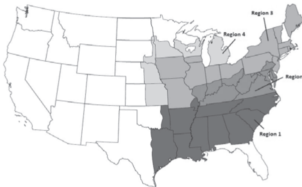
Regional Use Map

Region 1 (Maximum Rate 70 fl. oz. per Acre per Year): Includes the following states or portion of states where Forrest may be applied: Alabama, Arkansas, Georgia, Louisiana, Mississippi, Missouri (counties of Bellinger, Butler, Cape Girardeau, Dunklin, Madison, Mississippi, New Madrid, Pemiscot, Perry, Ripley, Scott, Stoddard and Wayne), North Carolina, Oklahoma (East of U.S. Highway 75 and East of Indian Nation Parkway), South Carolina, Tennessee, and Texas (includes area East of U.S. Highway 77 to State Road 239, including all of Calhoun County).
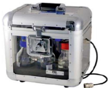
Portable SYNGAS washing device
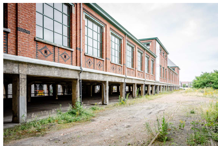
Previous state exterior
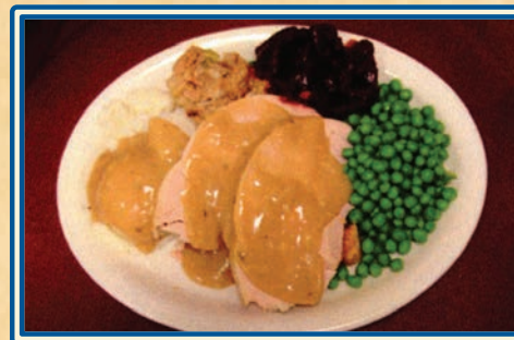
Thanksgiving Every Day

You love our breakfast, come join us for dinner too!
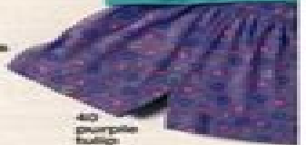
40 purple tulip
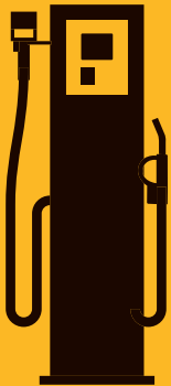
DATADISK READER IN STORAGE POSITION.

FUELTEK DATADISK is available with a number of options. The datadisk reader can simply be attached to an umbilical cable (up to 10 mtrs) and mounted like a nozzle on the side of the FT4000 or it can be mounted on a retractor to provide longer life and even easier use. The DATADISK can be tailored to the requirements of your site and can be mounted on boom arms or overhead fittings if required.
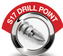
TIMTAPP® Timber application
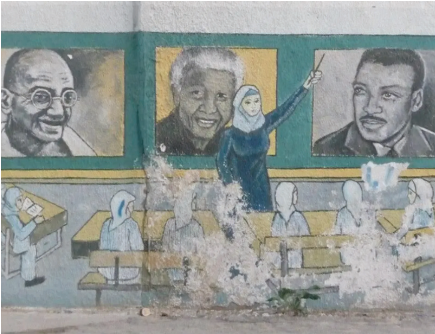
Figure-11: A Palestinian mural bearing the images of Mahatma Gandhi, Nelson Mandela and Martin Luther King

and Trump and the Palestinian cause.” 83 As a result of such graffiti pictures, sites such as the Separation Wall “risks becoming a street art gallery rather than actually politicising what it is about”, as put by a British tourist visiting the site. 84
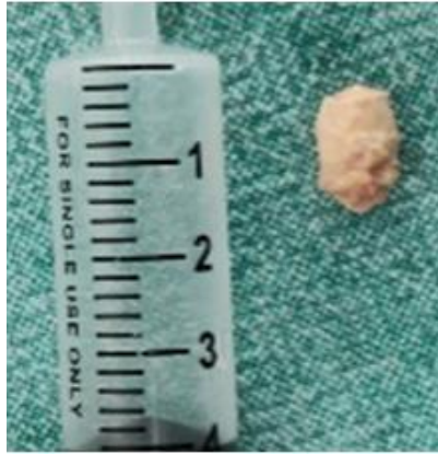
Fig. 4.: macroscopic image
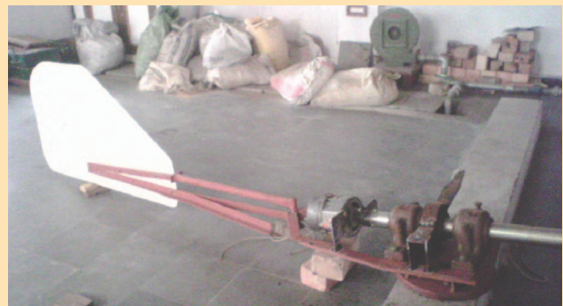
The coupling of main stator bars to the generator shaft and tail braces.
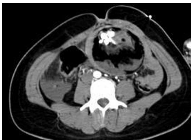
Fig. 3 - TC image of twisted ovarian right teratoma (case 2).
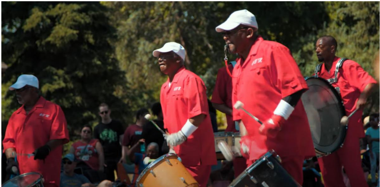
Colorado Black Arts Festival, Boogaloo Celebration Parade

It's nearly summer. Get your festival on.
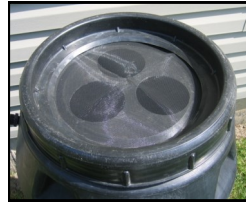
The removable screen mesh lid on all rain barrels
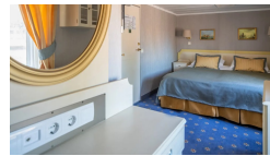
Executive Suites with Balcony
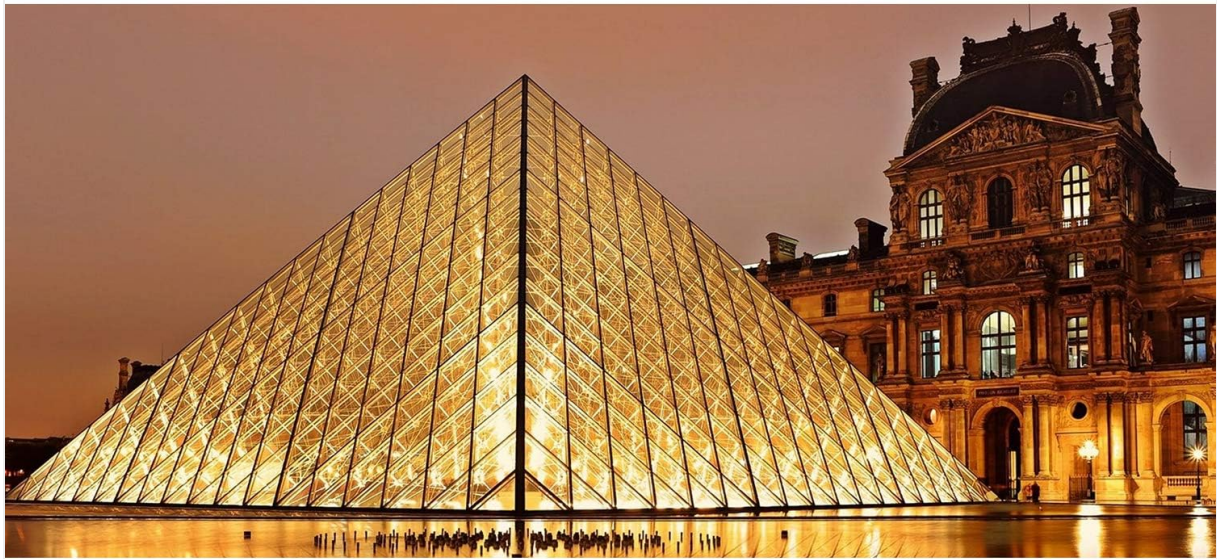
WITH NEEWER 0.43X WIDE ANGLE LENS

Image: A visual comparison demonstrating the expanded field of view when using the Neewer 0.43x wide-angle lens compared to a standard lens.
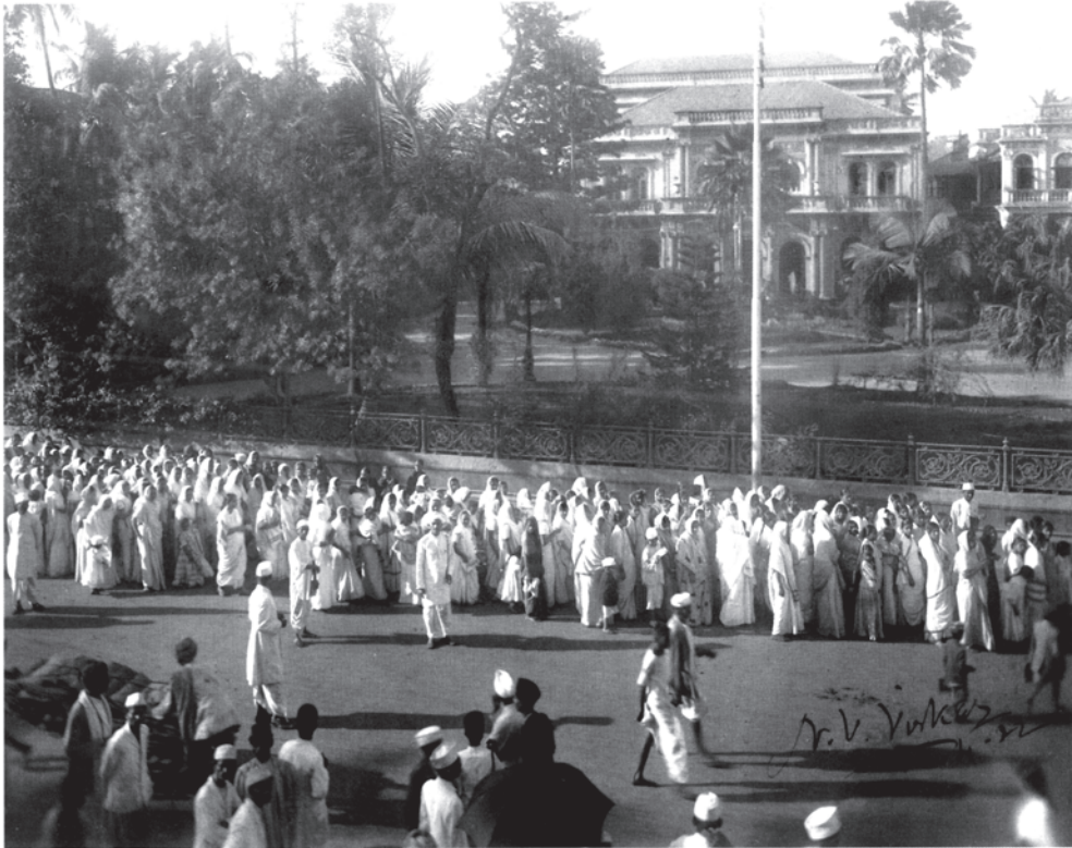
Fig. 9 – Women join nationalist processions. During the national movement, many women, for the first time in their lives, moved out of their homes on to a public arena. Amongst the marchers you can see many old women, and mothers with children in their arms.

picketed foreign cloth and liquor shops. Many went to jail. In urban areas these women were from high-caste families; in rural areas they came from rich peasant households. Moved by Gandhiji's call, they began to see service to the nation as a sacred duty of women. Yet, this increased public role did not necessarily mean any radical change in the way the position of women was visualised. Gandhiji was convinced that it was the duty of women to look after home and hearth, be good mothers and good wives. And for a long time the Congress was reluctant to allow women to hold any position of authority within the organisation. It was keen only on their symbolic presence.

TASK INSTRUCTIONS: The answer is the lines of the material above, from the one containing "Portable SYNGAS washing device" down to the one containing "DATADISK READER IN STORAGE POSITION.", given exactly and without images.

ANSWER FOR THIS EXERCISE:
Portable SYNGAS washing device
Previous state exterior
Thanksgiving Every Day

You love our breakfast, come join us for dinner too!
40 purple tulip
DATADISK READER IN STORAGE POSITION.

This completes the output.